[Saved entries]
#####

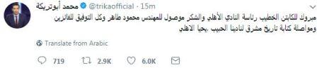 ونشر تريكة تغريدة على تويتر قال فيها: "مبروك الكابتن محمود الخطيب رئاسة النادى الاهلى والشكر موصول للمهندس محمود طاهر وكل التوفيق للفائزين ومواصلة كتابة تاريخ مشرق لنادينا الحبيب.. يحيا الاهلى"
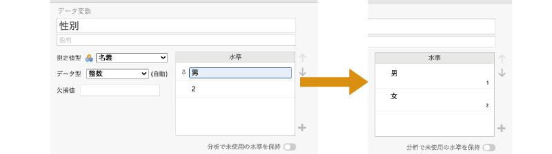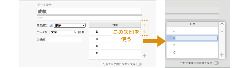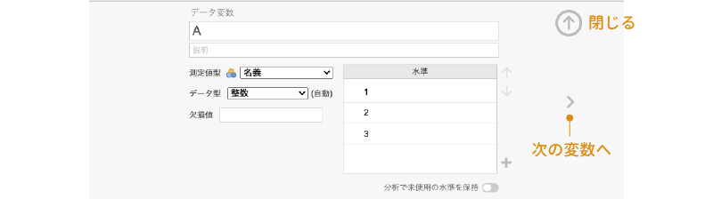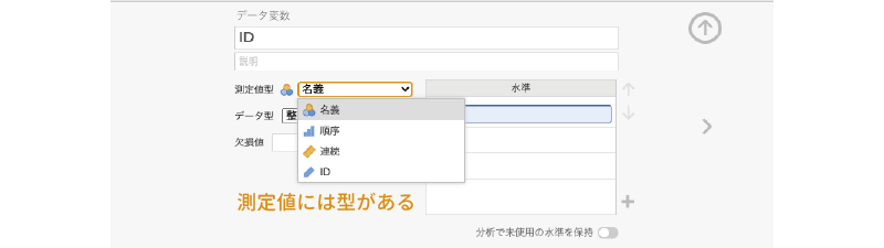 scatrという拡張モジュールが標準でインストールされており,このモジュールをオンにすると探索ツールに「Scatterplot(散布図)」と「Pareto Chart(パレート図)」というメニュー項目が追加されます。これらの項目については,本書では省略します。↩︎この他に結果変数などもありますが,これらは分析によって自動的に作成されるもので,基本的に編集できません。そのため,ここの説明には含めません。↩︎
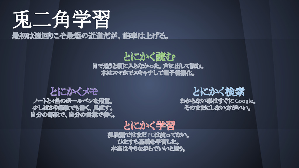 兎二角学習 最初は遠回りこそ最短の近道だが、能率は上げる。 とにかく読む 目で追うと頭に入らなかった。声に出して読む。 本はスマホでスキャナして電子書籍化。 とにかくメモ ノートと4色のボールペンを用意。 少しばかり無駄でも書く、見直す。 自分の解釈で、自分の言葉で書く。 とにかく検索
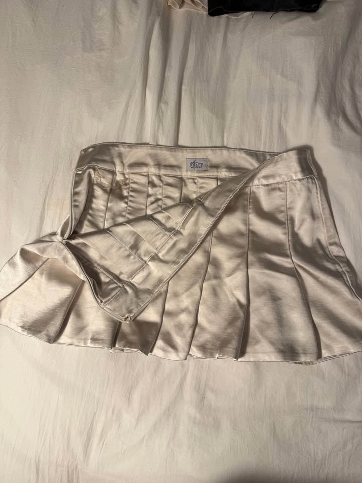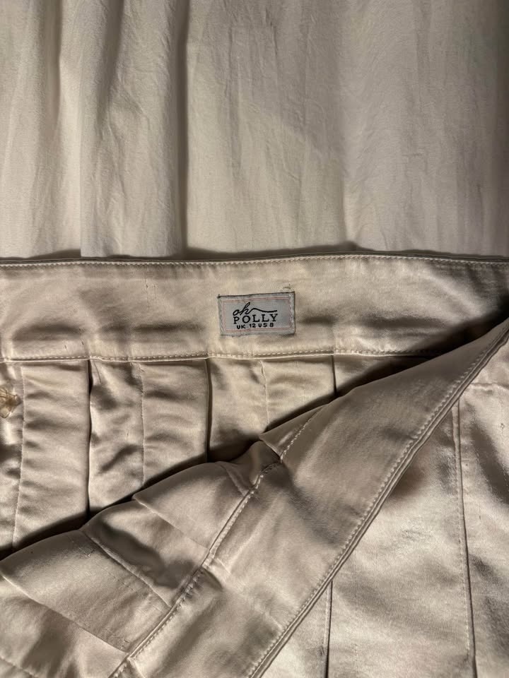 Champagne / ivory-toned satin pleated mini skirt from Oh Polly. High-shine satin finish with structured pleats. Elegant, feminine piece — perfect for nights out, parties, or dressed-down styling with a knit.
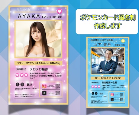 insta.urakata名刺ご依頼実例「インパクトのある面白い名刺」 というご依頼でした😂✨ 可愛い名刺はもちろん、 印象に残る面白いデザインもお任せ下さい♡ デザインと別途料金で 印刷も50枚〜承っております✨ @ao.yurie 様 ありがとうございました。
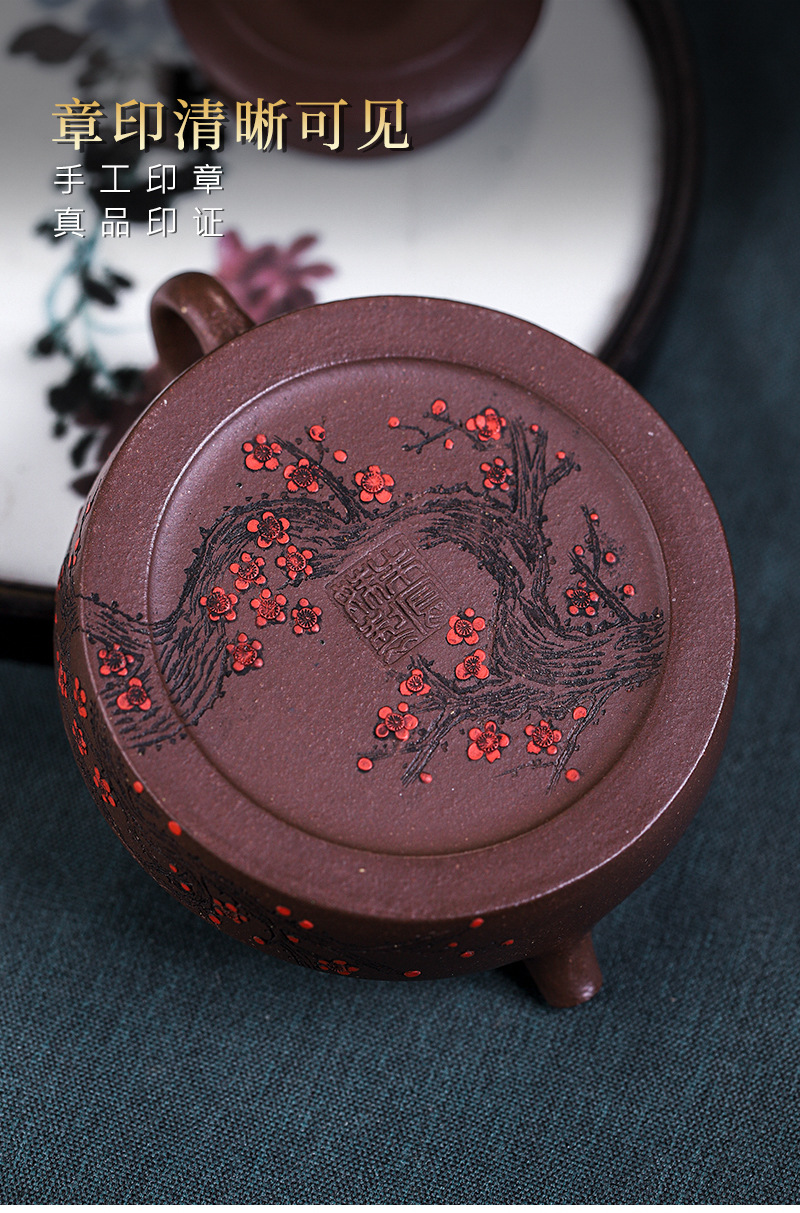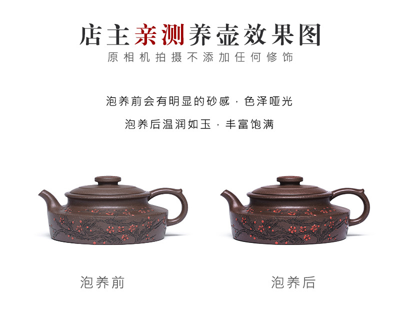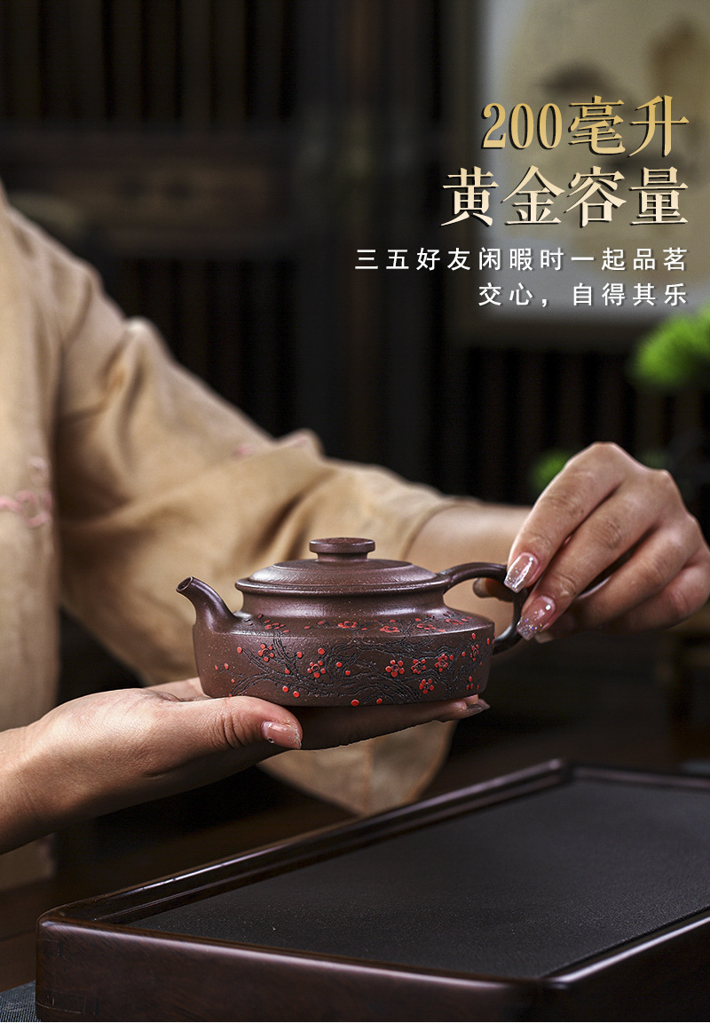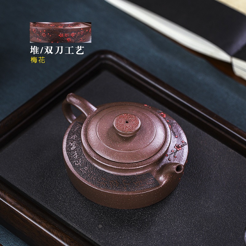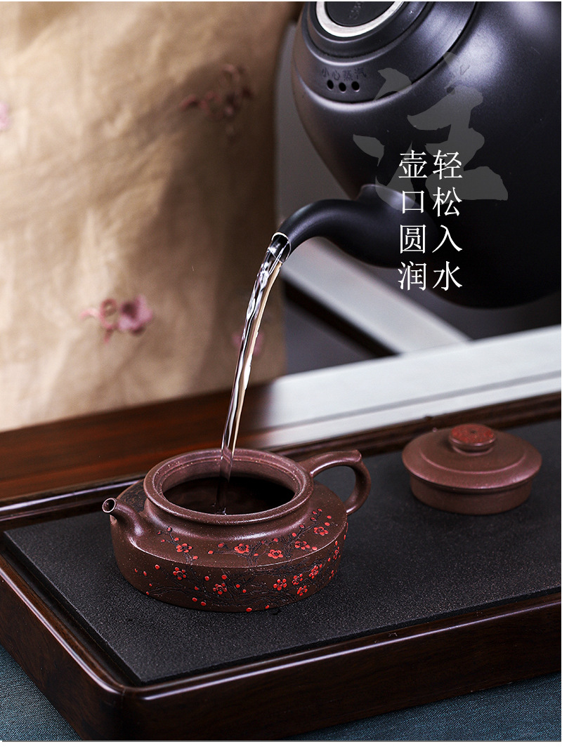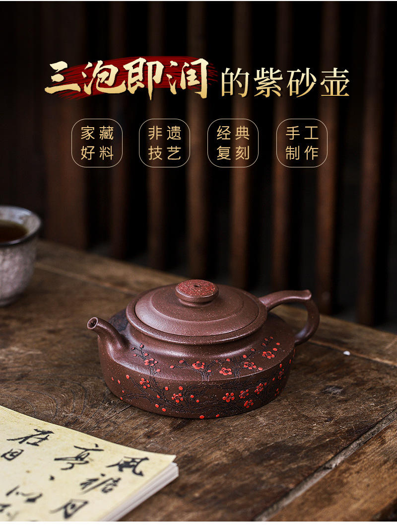 商品名称:宜兴手工紫砂壶家藏紫玉金砂如意金梅家用茶具茶壶
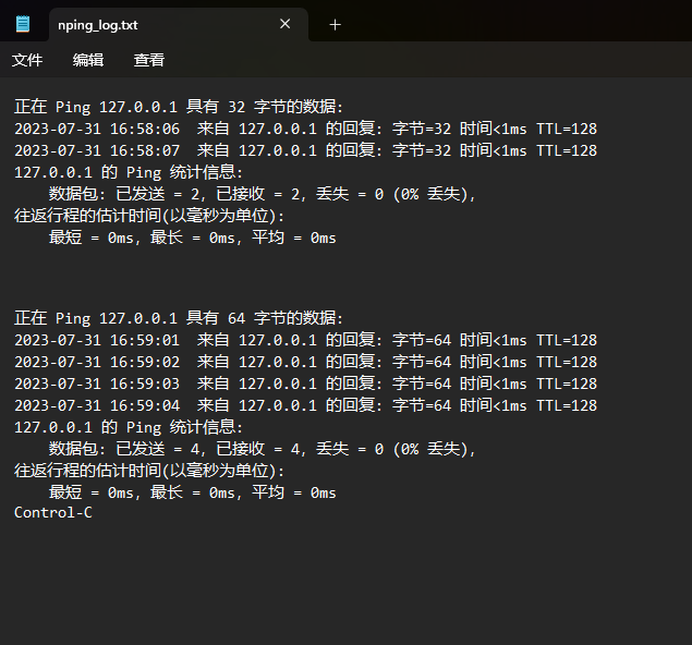 nping_log.txt文件,通过-f选项可关闭日志功能 。
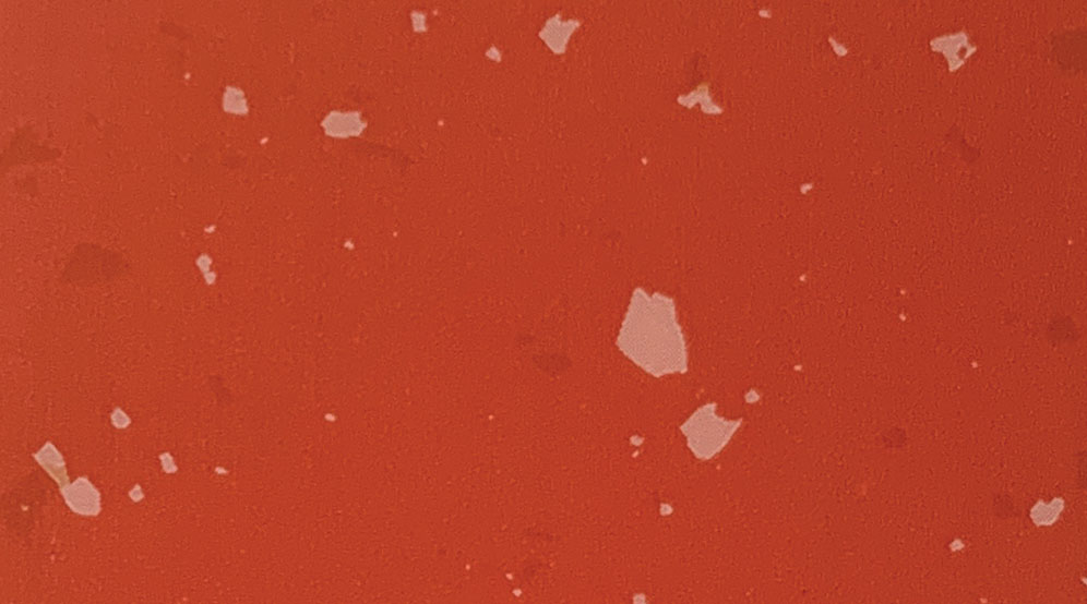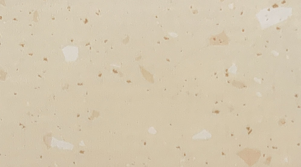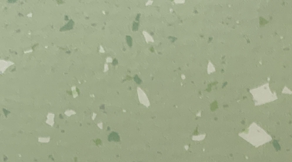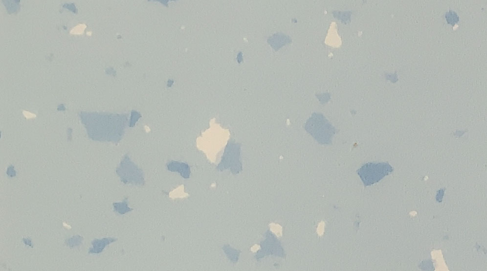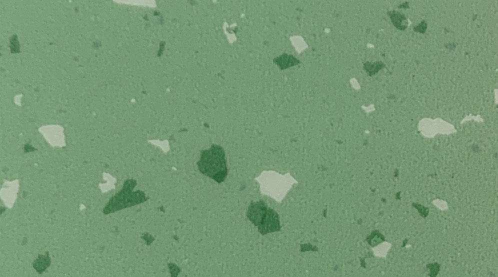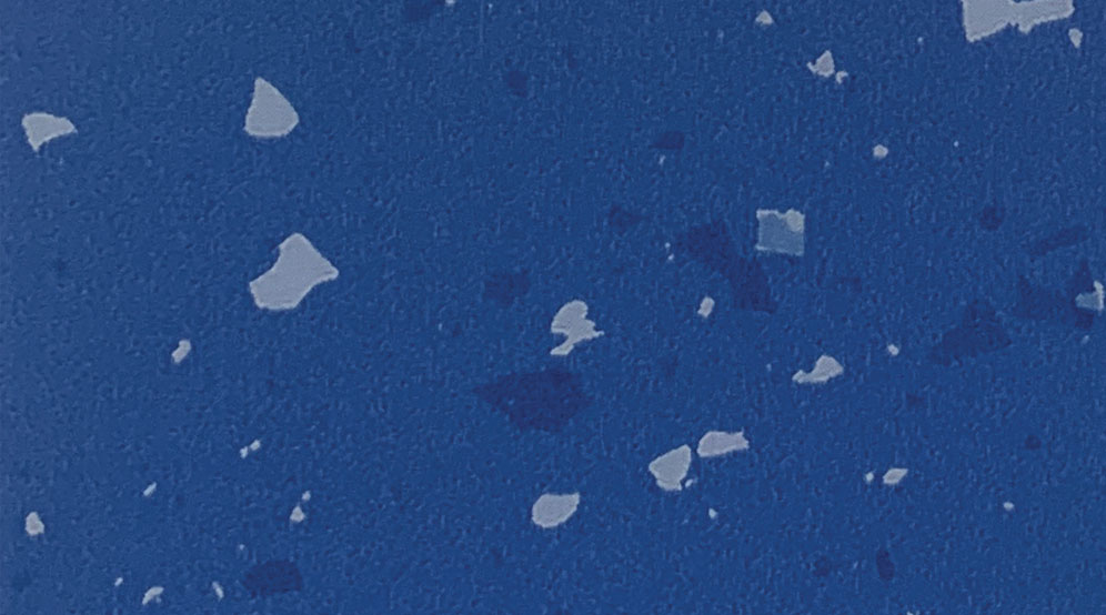 ● This flooring comprises of >2mm thick, a pure Vinyl wear layer incorporating very densely pressed coloured chips, with a matt finishing and without a transparent wear layer.
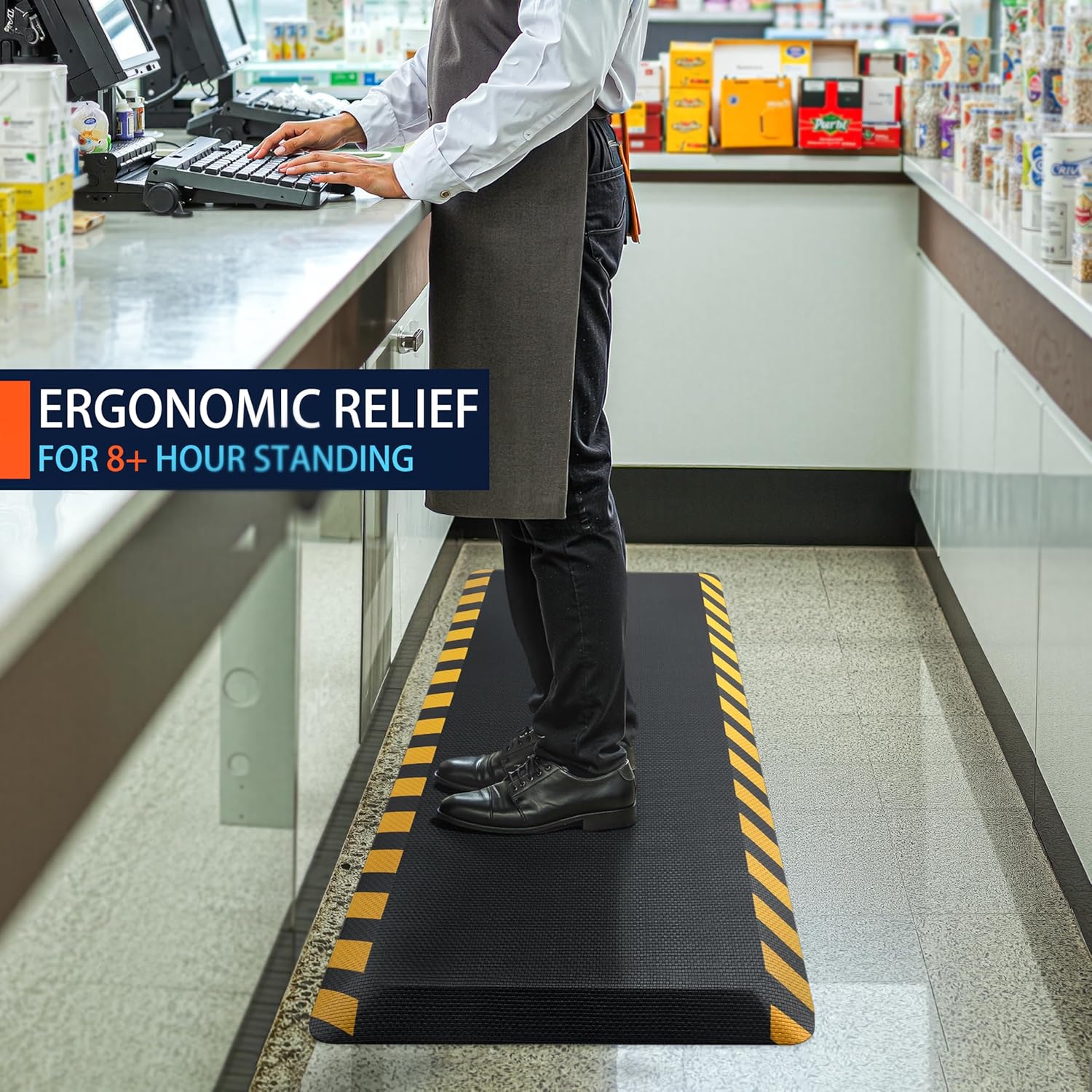 FEATOL Anti Fatigue Mat Industrial, Ergonomic Standing Floor Mat for Work for Stand, Black with Yellow Border Safety 24" x 36"-Support for Leg & Back Pain
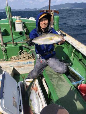 カンパチ | 43〜51cm | 5匹 | 落とし込み | 活けアジ |
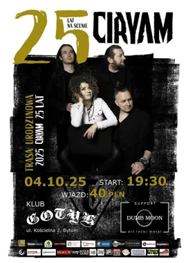 CIRYAM to formacja z południa Polski łącząca alternatywny rock, metal i elementy prog-rocka. Charakterystycznym atutem grupy jest wyrazisty głos wokalistki Moniki Węgrzyn. Na koncie mają pięć płyt studyjnych, a ostatnie wydawnictwo zatytułowane Zamyślony zapach spotkało się z dobrym odbiorem słuchaczy i recenzentów. Trasa, podczas której zespół wystąpi w Bytomiu, ma charakter urodzinowy i obejmuje prezentację materiału z różnych etapów działalności zespołu.
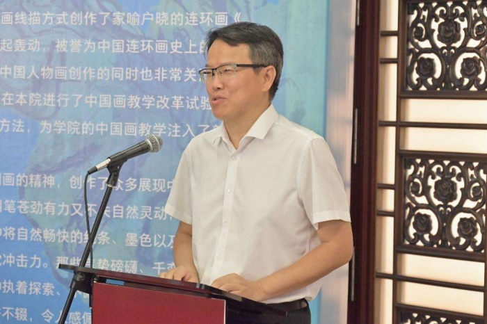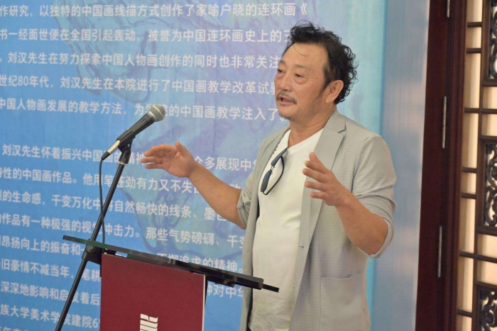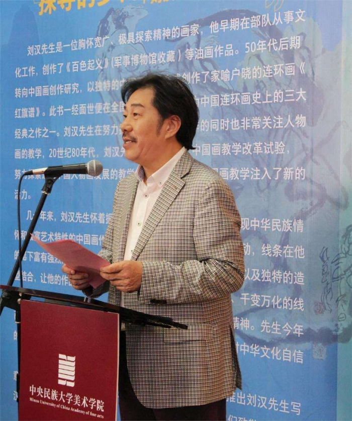 中央民族大學黨委常委、副校長石亞洲代表學校及全體師生對劉漢先生表示熱烈歡迎。他表示,劉漢先生從藝七十多年來懷著振興中國人物畫的夙愿,創作了眾多展現中華民族情懷和極富藝術特色的中國畫作品,這些作品所蘊含的寫意精神和現代性值得所有人學習。石亞洲副校長強調,在美術學院建院65年的歷程中,離不開眾多老師的貢獻,向為美術學院的發展做出貢獻的老一輩藝術家致敬,美術學院要在繼承傳統中將幾十年來的優良傳統傳承下去。
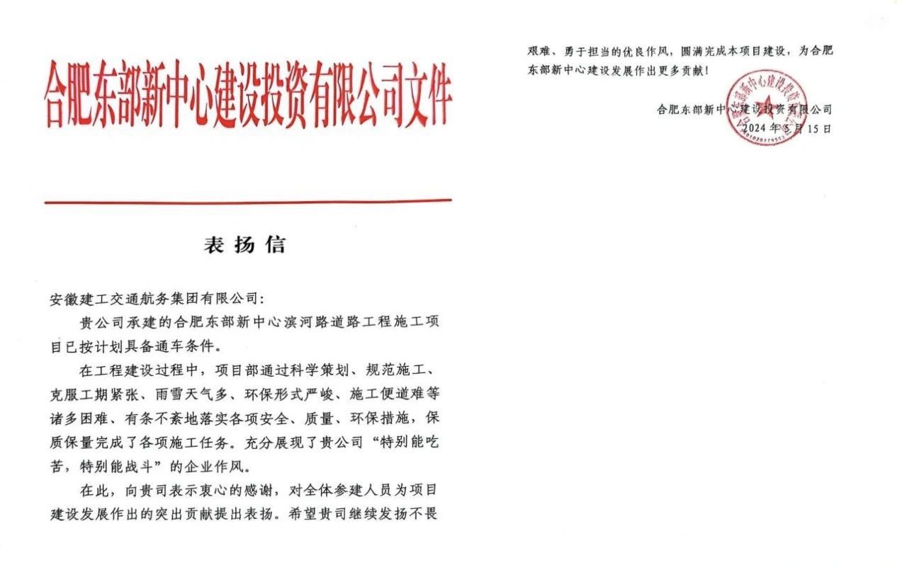 濱河路道路工程施工項(xiàng)目位于合肥市瑤海區(qū)東部新中心,2023年7月開工,項(xiàng)目建成后,將進(jìn)一步緩解城區(qū)交通壓力。5月15日,合肥市東部新中心建設(shè)投資有限公司向公司發(fā)來表?yè)P(yáng)信,對(duì)項(xiàng)目部攻克工期緊張、環(huán)保形勢(shì)嚴(yán)峻、施工便道不暢等諸多難題,保質(zhì)保量完成施工任務(wù)提出表?yè)P(yáng)。

#####

→ **Task directions**
Pictures excluded, output exactly the line that contains "CIRYAM to formacja" and every line after it to the end of the data above.

→ **Completed exercise**
 CIRYAM to formacja z południa Polski łącząca alternatywny rock, metal i elementy prog-rocka. Charakterystycznym atutem grupy jest wyrazisty głos wokalistki Moniki Węgrzyn. Na koncie mają pięć płyt studyjnych, a ostatnie wydawnictwo zatytułowane Zamyślony zapach spotkało się z dobrym odbiorem słuchaczy i recenzentów. Trasa, podczas której zespół wystąpi w Bytomiu, ma charakter urodzinowy i obejmuje prezentację materiału z różnych etapów działalności zespołu.
 中央民族大學黨委常委、副校長石亞洲代表學校及全體師生對劉漢先生表示熱烈歡迎。他表示,劉漢先生從藝七十多年來懷著振興中國人物畫的夙愿,創作了眾多展現中華民族情懷和極富藝術特色的中國畫作品,這些作品所蘊含的寫意精神和現代性值得所有人學習。石亞洲副校長強調,在美術學院建院65年的歷程中,離不開眾多老師的貢獻,向為美術學院的發展做出貢獻的老一輩藝術家致敬,美術學院要在繼承傳統中將幾十年來的優良傳統傳承下去。
 濱河路道路工程施工項(xiàng)目位于合肥市瑤海區(qū)東部新中心,2023年7月開工,項(xiàng)目建成后,將進(jìn)一步緩解城區(qū)交通壓力。5月15日,合肥市東部新中心建設(shè)投資有限公司向公司發(fā)來表?yè)P(yáng)信,對(duì)項(xiàng)目部攻克工期緊張、環(huán)保形勢(shì)嚴(yán)峻、施工便道不暢等諸多難題,保質(zhì)保量完成施工任務(wù)提出表?yè)P(yáng)。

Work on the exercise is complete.